You can see here that cycle collection is hit while we are supposed to be in idle. The AfterIdle notification happens after the cycle collection is done. I think timer events go to the app shell, so we have to coordinate the code you wrote with the app shell code somehow.
A couple people ask today about the distribution of collection times. This is a mostly idle browser:

This is the part of CC that will run while the browse idles:

cc: Starting nsCycleCollector::Collect(1)
cc: mRuntimes[*]->BeginCycleCollection() took 0ms
cc: SelectPurple() took 2ms

This is the part that will run on a background thread, assuming we manage to get the above done while we idle (2ms, doable!).

cc: MarkRoots() took 19ms
cc: ScanRoots() took 4ms
cc: RootWhite() took 0ms [not sure this can run concurrently, investigating]

This is the part that will happen back on the main thread:

cc: CollectWhite() took 0ms

The last part of Collect() is the JS GC running to completion. With my patch to disentangle the CC from JS GC this won't happen here at all, and we have separate bugs to make this time much less (individual compartments get GCed).

cc: Collect() took 112ms

I also checked the idle times. At least on MacOSX we get very decent idle times, even with content like cnn or gmail open (seconds of idle as long the mouse isn't moved).

Last but not least, here is a more realistic CC (a couple windows open):

cc: Starting nsCycleCollector::Collect(1)
cc: mRuntimes[*]->BeginCycleCollection() took 1ms
cc: SelectPurple() took 6ms

Note again that the actual Bacon & Rajan algorithm takes a long time, not building the CC model. Also, the GC part of the model building won't happen here any more.

cc: MarkRoots() took 43ms
cc: ScanRoots() took 7ms
cc: RootWhite() took 0ms
cc: CollectWhite() took 0ms
(In reply to comment #17)

> so we have to coordinate the code you wrote with the app shell code
> somehow

I take this to mean that we're only really "idle" when neither native
events nor Gecko events are being processed.  (Your stack shows that
timer "events" are Gecko events.)

New patch coming up.
Depends on: 573060
Attached patch OS X testing patch rev2 (obsolete) — Splinter Review
Here's a revision of my patch that suspends the operation of its
native idle processing whenever Gecko processes an event (and
therefore "coordinates" its platform-specific idle handling with your
original patch's cross-platform idle handling).  It should guarantee
that the app is never considered idle while either a Gecko event or a
native event is being processed.

But I'm afraid you're not going to like it.  It appears that the Gecko
event queue wakes up every small fraction of a second to process
events (presumably timer events).  So the app is never idle for long.

(I've left in the option to choose entirely platform-specific idle
handling.  I still think it may turn out to be useful.)
Attachment #452111 - Attachment is obsolete: true
Do you have a ballpark number handy?

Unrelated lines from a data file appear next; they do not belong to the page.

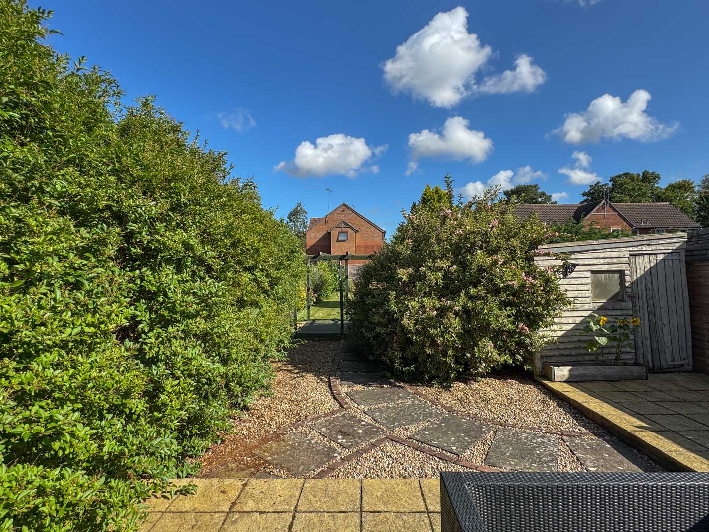 Outside, the property enjoys well maintained gardens. Set back from the road and behind a low lying brick wall, the front garden requires low maintenance. The much larger than average rear garden forms another really impressive feature of this home. Offering various patio and seating areas, well stocked mature shrubbery and borders, a further lawned area and timber sheds. Gated access is directly from the right of the house at the front.
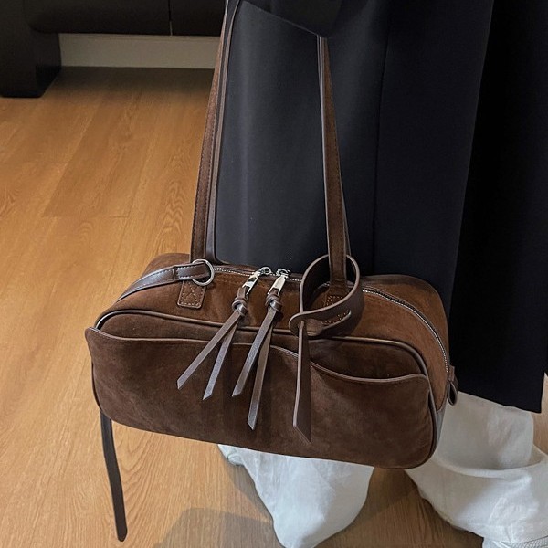 韩国复古手提保龄球包包女2025秋冬新款潮时尚麂皮绒单肩腋下包
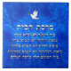 Text of the Birkat Habayit(ברכת הבית), Hebrew for "Blessing for the Home", superimposed on a blue and white fractal image reminiscent of feathers or clouds. A small Star of David (Magen David) is located in the center of the fractal and a white dove carrying a sprig of olive branch also appears.
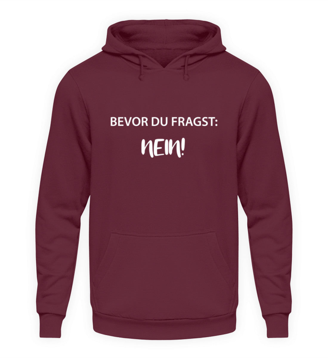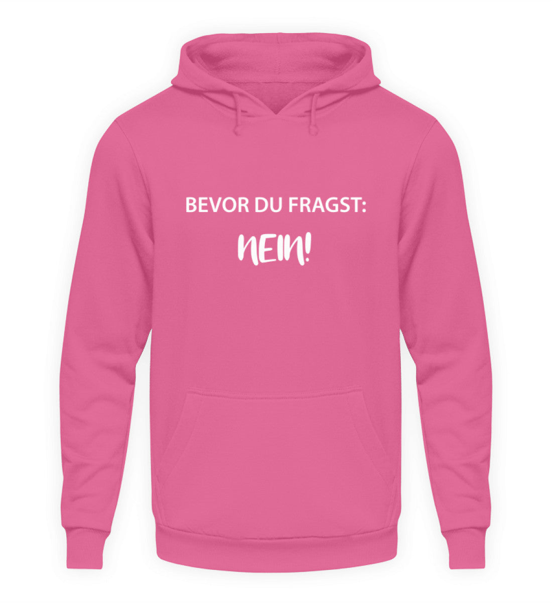 Sag’s laut und deutlich – aber mit Stil! Hol dir jetzt den Hoodie "Bevor du fragst – NEIN!" und bring humorvolle Klarheit in deinen Alltag. Ein Must-have für alle, die gerne klare Ansagen machen und dabei maximal entspannt bleiben! 😎🔥
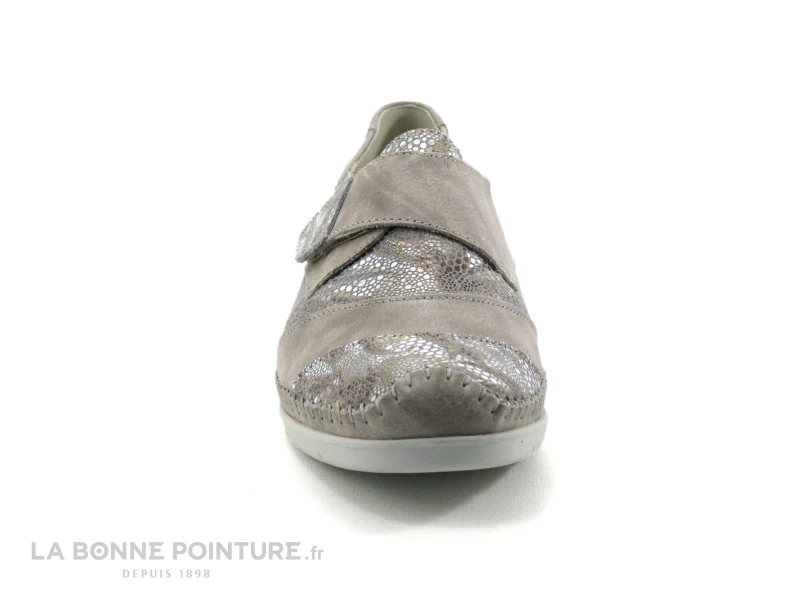 Cette chaussure Femme à semelle compensée est en cuir beige nuancé, avec des parties fantaisie aux tons de blanc, d’or et de gris argent.

On my laptop with a few windows open I can get past the critical region of the cycle collector in less than 20ms or so. After that its ok if gecko wakes up. The cycle collector will collect to completion in the background and we don't have to throw away the heap model (if the wakeup comes earlier, we have to stop the collector and re-try later).
> Do you have a ballpark number handy?

No, I don't.  I just watched the printf statements flow by in the console log :-)
> It appears that the Gecko event queue wakes up every small fraction
> of a second to process events (presumably timer events).  So the app
> is never idle for long.

It occurs to me that some (most?, almost all?) of these events may be
dummy events created in nsBaseAppShell::OnProcessNextEvent().  If so,
they deserve special handling -- the app should still be considered
idle while the Gecko event loop is processing one of these events (if
it's the only event on the stack).

I'll look into this.
Hmm. Why do we have those events?  Are those what keeps mac builds at near-constant ~10% cpu usage?  (Separate bug, I know.)
> Are those what keeps mac builds at near-constant ~10% cpu usage?

No.  They're used on all platforms.
(By the way (and this is off-topic), I got some ideas for possibly speeding up performance of nsAppShell::ProcessNextNativeEvent() while working on this bug.  I'm currently working like a dog on a new version of the JEP.  But at some point in the next few weeks, when (hopefully) I have more time, I can start looking into them.  When I do, I'll need your help, Boris.)
Sounds good.  I've seen that come up a lot in profiles....
(Following up comment #23)

No, I was wrong -- they really are almost all nsTimerEvent events.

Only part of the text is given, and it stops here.